Now at the moment, you are probably wearing most if not all of these different hats, and that is perfectly normal in a business which is poised to grow.  But it won’t grow if you continue to hold onto all of these hats. Let’s just run some numbers on these hats.  If each hat is one job role, then one person would be giving 100% to that job role.  If you are doing all hats that means you are trying to squeeze 700% – 800% out of yourself which just isn’t possible or if you are doing it, it’s not sustainable and you will burn out.
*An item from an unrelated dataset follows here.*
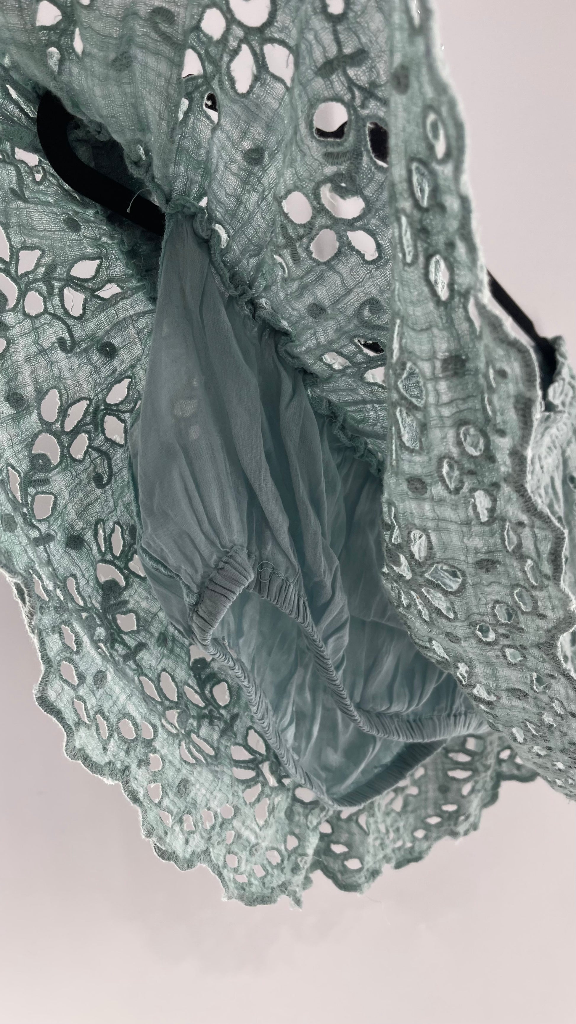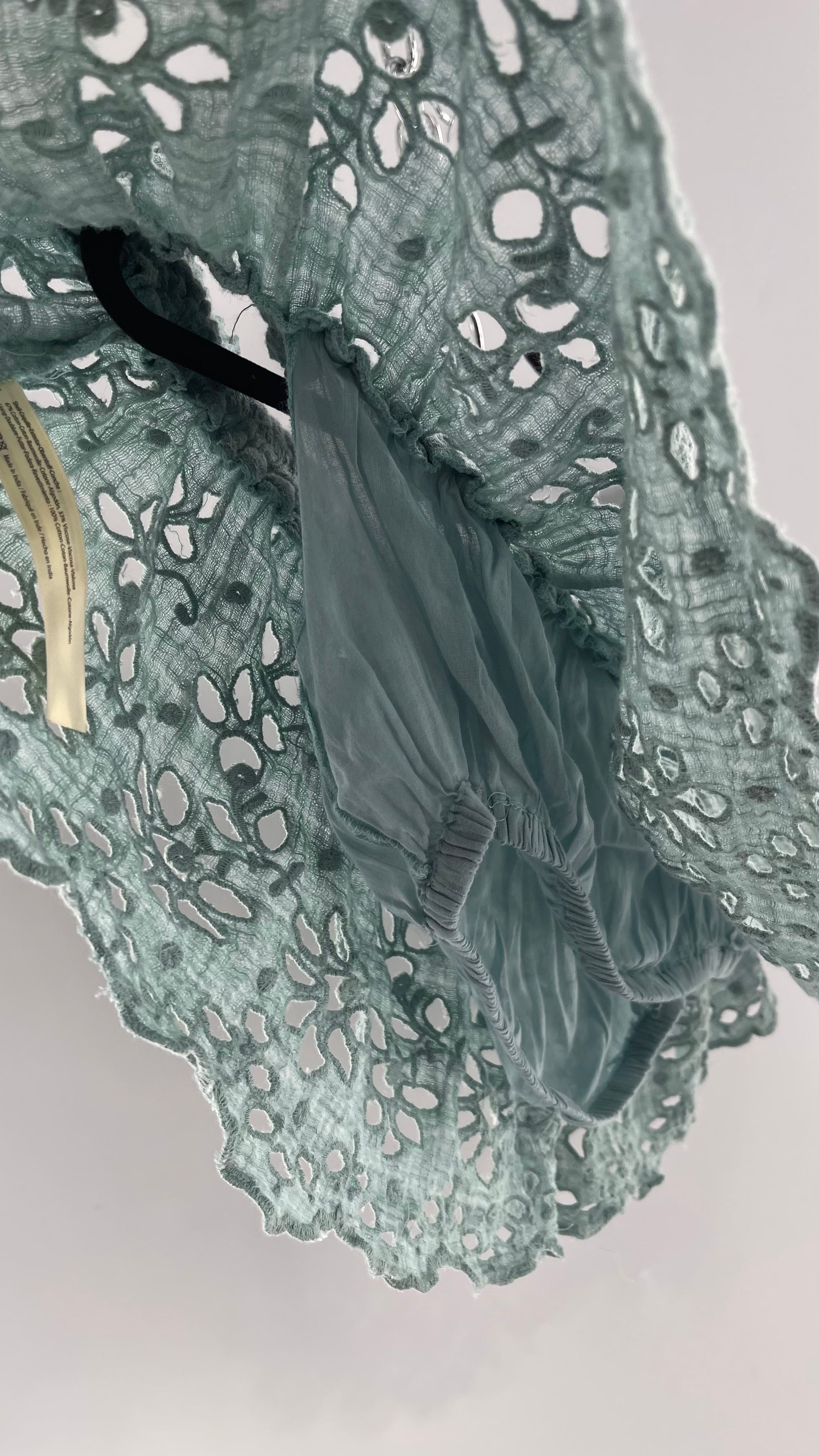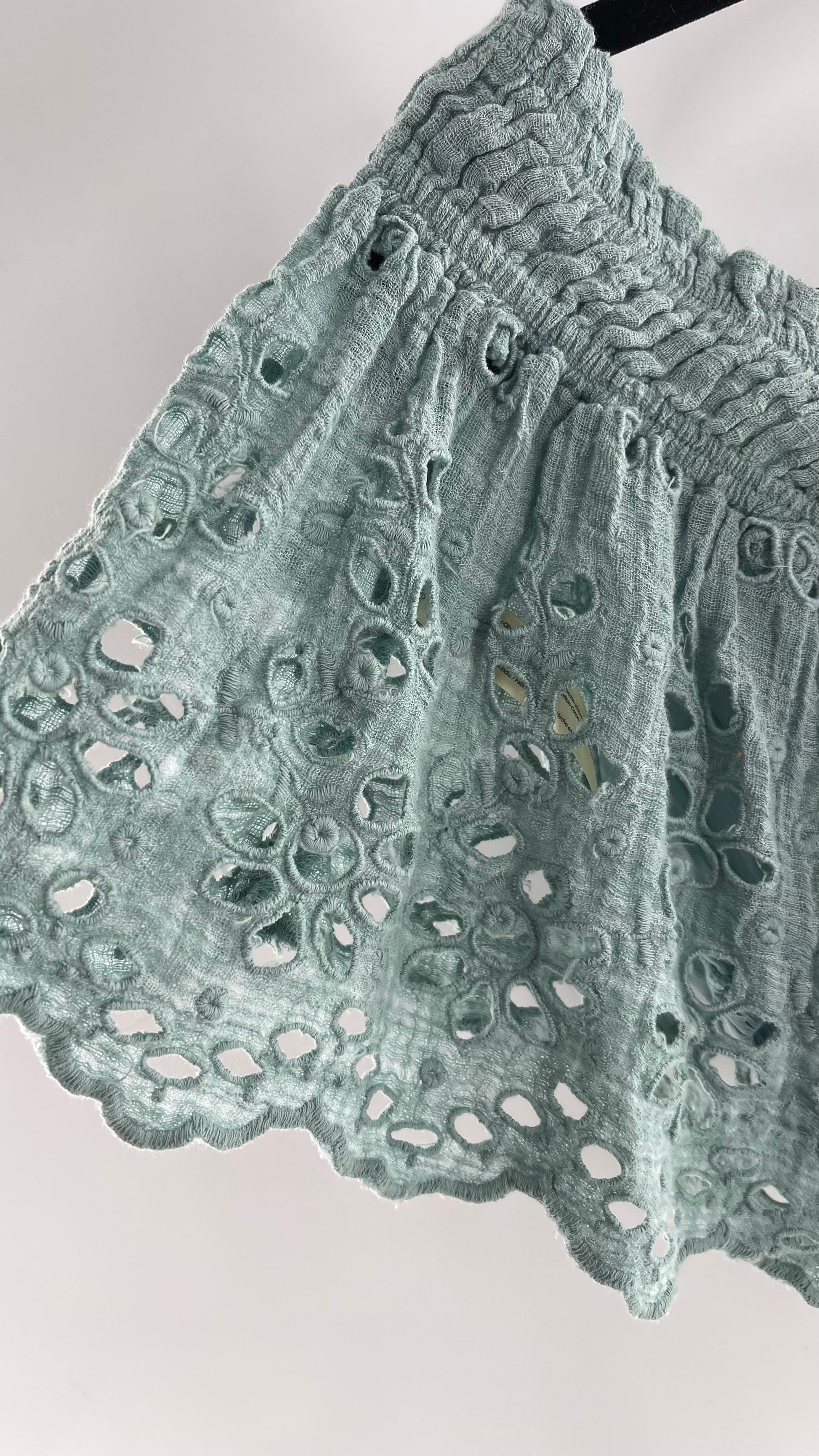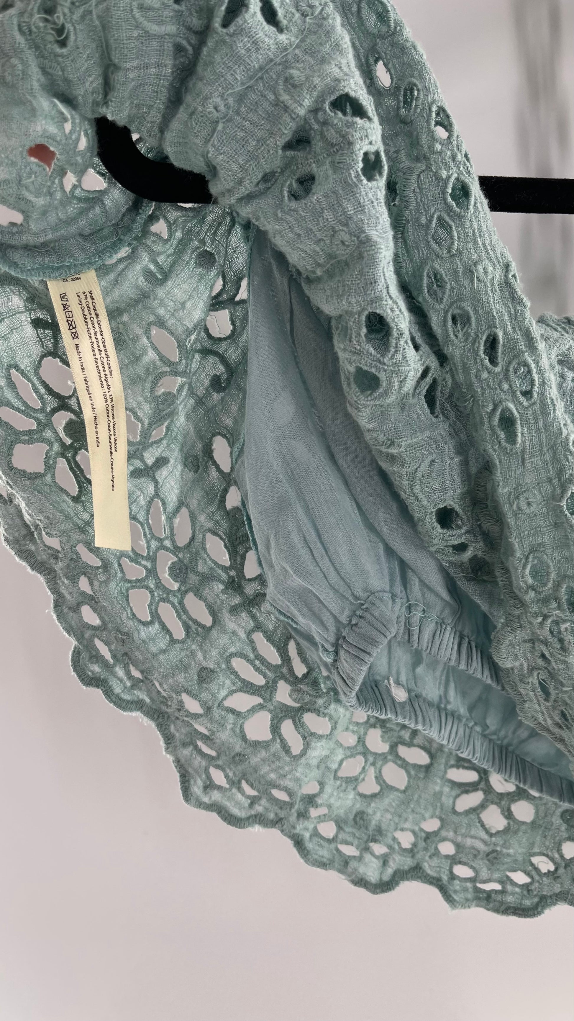 Free People Eyelet Cotton Teal Blue Off the Shoulder Ruffle Bandeau (Medium)

It can be pretty daunting handing over to someone new try to think of it as more of a delegation process which should help to get your mind around no longer doing some of this stuff.  So, how do you choose which one to delegate to first?  Personally I would pick on an area which you either hate doing, don’t know how to do or spend too much of your valuable time doing when you should be focusing on growing the business.  Usually it comes down to either the finance function or the admin function. 

I should make clear here that we aren’t necessarily talking about going from zero employees to full time employees.  You can outsource, use contractors, casuals, whatever it takes to help take some of the work off your plate and free up your time. And crucially, make it affordable. Which really becomes the crunch point here, when should you be recruiting for this illusive first employee.  Well, there’s no hard and fast rule because it really depends on your unique business and your strategy for the business however, I will say, much earlier than you think you should be.  I have made this mistake and trust me, all it does is hinder growth and stress yourself out (which just further hinders growth).  Basically as soon as you have the cashflow or the promise of the cashflow, hire the employee so you can make that cashflow a reality. Rinse and repeat.

Ok, but how do you afford to do it because at the end of the day, you have to pay them.  Well a strategy with use frequently for our clients is the use of bank accounts as buckets.  And by this I mean we use different bank accounts to manage different aspects of the business.  So in this instance we would set-up another bank account bucket as soon as we became aware that an employee was needed – this may be 6 months ahead of actually hiring them.  We then have our clients pay into this bucket straight away, in other words, we start saving for the new employee’s salary.  With every new employee there is a bit of downtime when they first start and you are onboarding them.  During this period you aren’t doing as much work as normal as you are spending your time with them training.  This money will help to pay their salary during this period without putting an extra constraint on the business during the onboarding process.

This strategy works especially well when fulltime employees are being brought in, if you are using contractors or casual employees there is nothing to stop you from doing the same thing so you can keep a track of your spend.

Right, so there we have it, what you need to do behind the scenes to be employee-ready, how to go about choosing which employee to bring in first, when to bring on your first employee and how to afford it.  Now that you are armed and ready to go, you have no excuses to going out and hiring your first employee! 


I hope you’ve found this useful, and I will catch you in the next one!